The Florida Department of Environmental Protection is currently assessing the damage to the park; DEP officials said Sally only exacerbated erosion issues that have been going on over the last couple years due to other storms.
Several beach accesses are closed in the park due to major structural damage and dunes look more like cliffs as the storm surge sent waves crashing into the sand, displacing it.
“When we first walked out here we were just amazed at the difference in what it looked like,” said Jared Cales, a park visitor. “It’s part of just the natural cycle, but to be honest with you, it’s something that reminds us that we all need to do our part in.”
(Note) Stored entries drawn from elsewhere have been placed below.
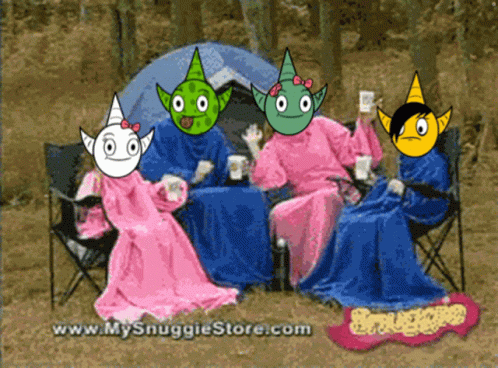 Paglalarawan ng Content: a group of people wearing blankets with cartoon faces and the website www.mysnugglestore.com in the background
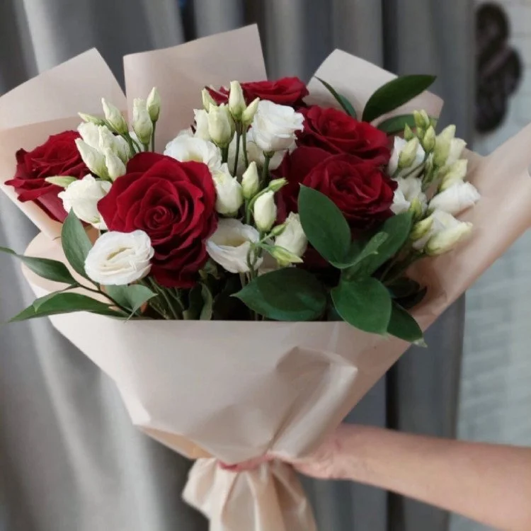 - Средний - роза 7 шт., эустома 4 шт., зелень, упаковка, лента
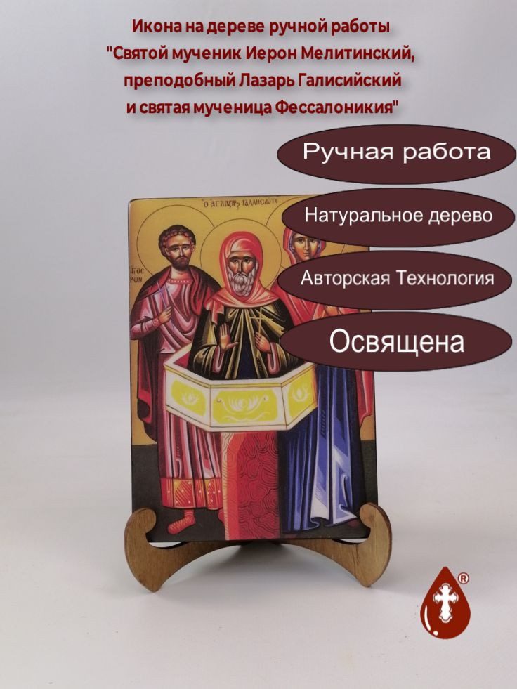 Икона на дереве "Святой мученик Иерон Мелитинский, преподобный Лазарь Галисийский и святая мученица Фессалоникия Амфипольская, 14x20x3 см, арт А263" станет прекрасным подарком для верующего человека, а также займет особое место в любом доме, храме или церкви.
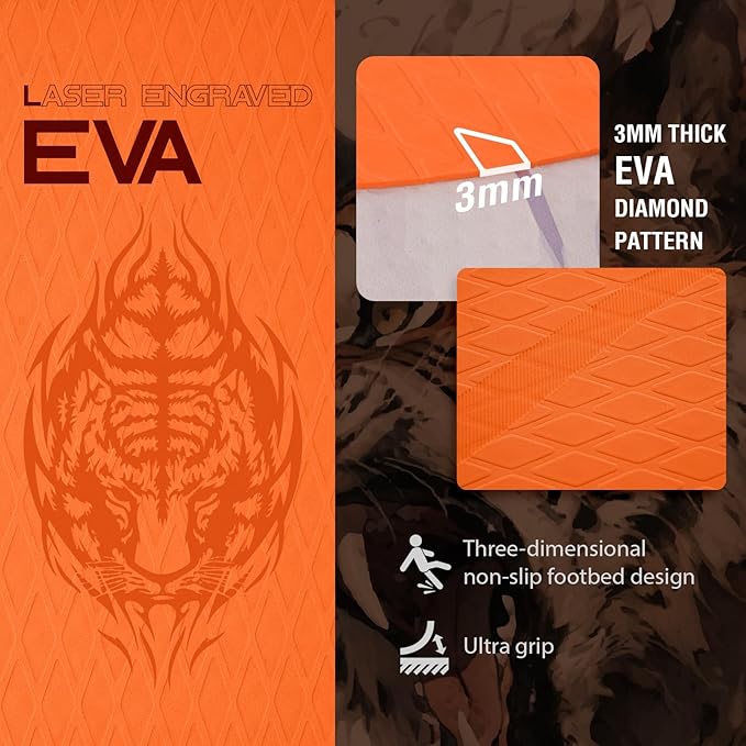 • 【Laser engraved EVA】 Surface laser engraved 3mm thick EVA diamond pattern, high coefficient of friction (≥0.6), wet still maintain a strong grip, with three-dimensional non-slip foot pad design, to avoid slipping and falling, the safety coefficient of pull full.
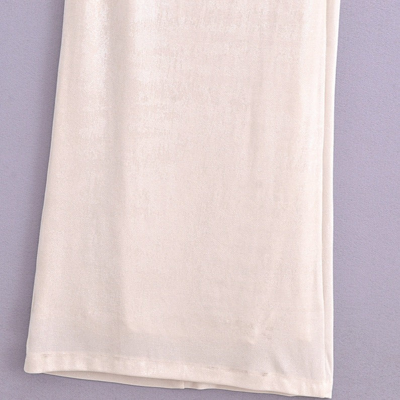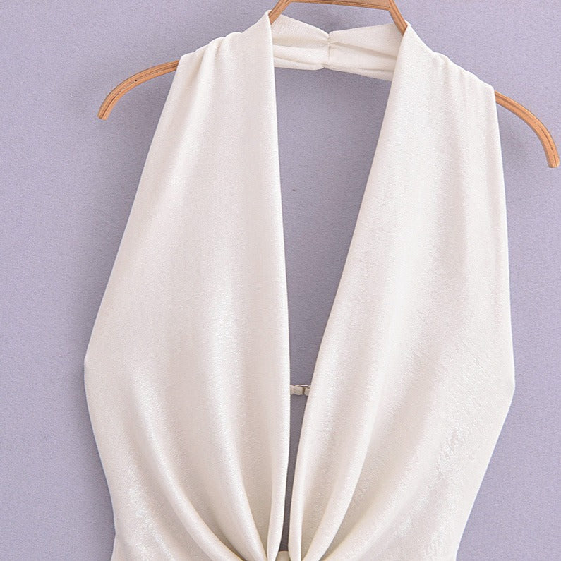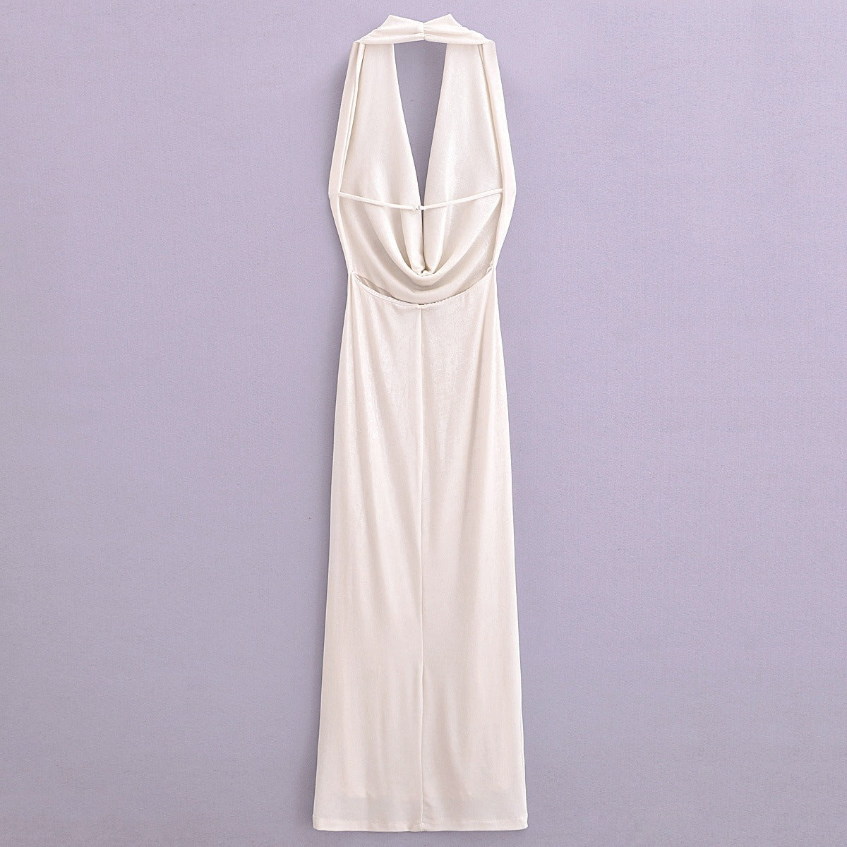 Its pleated design and backless style exude sophistication and femininity. The hanging neck adds a touch of glamour. while the long length elongates the body.
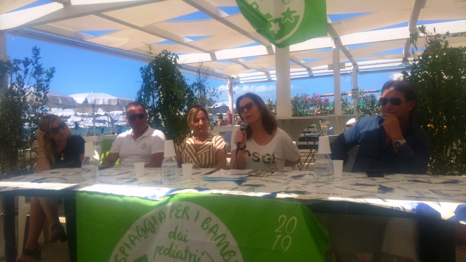 Oggi, presso lo stabilimento balneare “Lido Corallo”, si è tenuta la conferenza stampa di consegna della Bandiera Verde dei pediatri 2019, riconoscimento ideato per premiare le località marine con caratteristiche adatte ai bambini, selezionate attraverso un’indagine condotta fra un campione di pediatri. Presenti all’incontro gli assessori comunali Emanuela Zappone (Ambiente) e Barbara Cerilli (Turismo), il delegato comunale alla Sanità Maurizia Barboni (che lo scorso giugno ha ritirato il vessillo in una cerimonia svoltasi a Praia a Mare, presso Cosenza), il presidente del SIB (Sindacato Balneari) Felice Di Spigno, e l’operatore balneare Gino Di Lello.
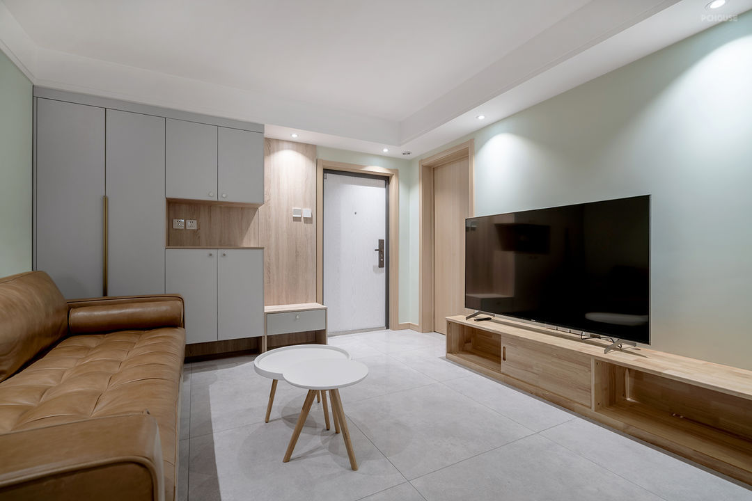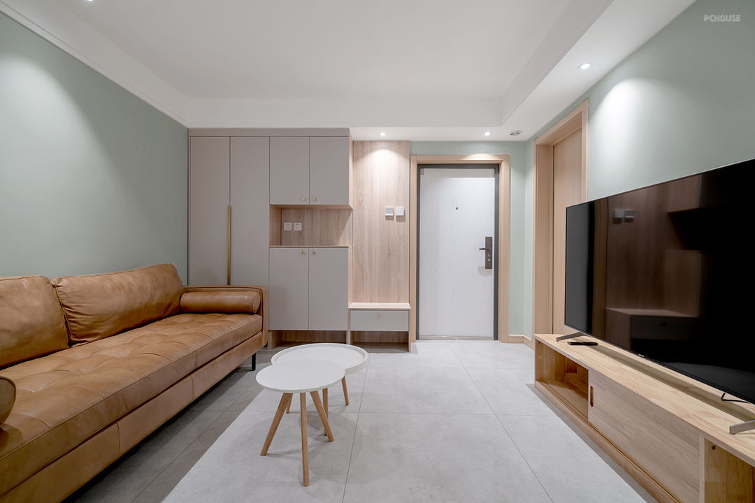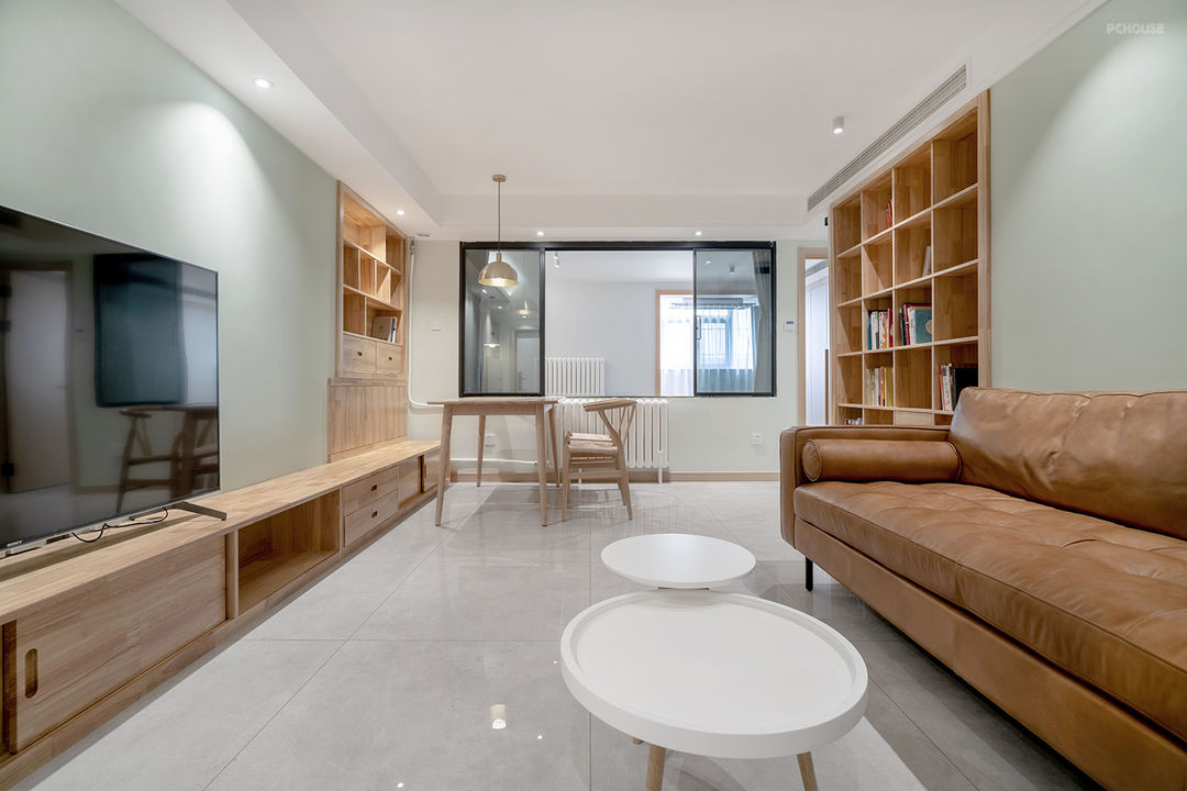 客户希望家里地面好打理一些,所以家里基本都是采用的地砖,客厅是地面用了60*60的灰砖,也好融入到这个空间了,多说一点的是灰砖有很多种类,在选择上要根据家里的光线去选择,这一点很重要,太重了或者太浅了效果都会大打折扣。

Some residents said it’s the worst they’ve seen in some time.
“Everything, looks [so much] different,” said Savannah Simmons, a Panama City Beach resident. “It’s dark, it’s beach where it wasn’t, you know, it’s just a lot different.”
DEP is working with the US Army Corps of Engineers to formulate a restoration plan in both the short and long-term futures.
Over the next two weeks, they’ll be dredging the federal navigation channel and using the dredged sand to rebuild the dunes.
This winter, the park will be included in a bigger beach restoration project going on across Panama City Beach.
DEP officials said there will be more restoration projects in the park over the next two years to further strengthen and protect the shoreline.
In the meantime, residents and visitors said they hope to see improvements soon.
“We’re a bit sad,” Simmons said. “I hope it goes back so that the water stays beautiful, [and] clear.”